RTSP (Real-Time Streaming Protocol) is the "remote control" for a video stream. It does not carry the video itself; it sets up and controls the session — DESCRIBE to learn what a stream offers, SETUP to negotiate transport, then PLAY, PAUSE, and TEARDOWN. When a VMS connects to a camera at a URL like rtsp://camera/stream1, RTSP is the conversation that establishes how the live feed will flow. It is standardised by the IETF in RFC 2326 (RTSP 1.0, 1998) and RFC 7826 (RTSP 2.0, 2016).
In a surveillance pipeline, ONVIF typically discovers the camera and hands over its RTSP stream URIs; the VMS then opens an RTSP session, and the actual media is delivered by RTP underneath, described by SDP. This division of labour — RTSP to control, RTP to transport, SDP to describe — is the backbone of how nearly every IP camera delivers live video.

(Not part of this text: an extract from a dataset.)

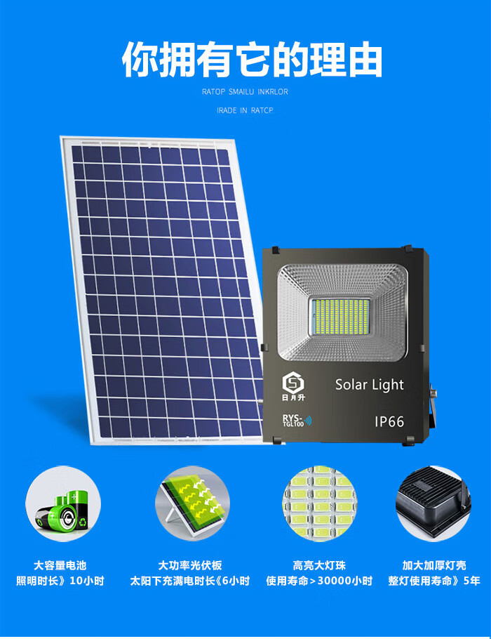 日月升 RYS-TG40 太阳能投光灯 射灯 40W 自营

The pitfall is networking, not the protocol. RTSP/RTP commonly runs over UDP for low latency, which firewalls and NAT can block or mangle, producing the classic "camera connects but no video" symptom; switching to RTSP-over-TCP (interleaving the media in the control channel) fixes many such cases at the cost of some latency. The deep transport behaviour is owned by the Video Streaming section; for surveillance, RTSP is simply how the stream gets turned on.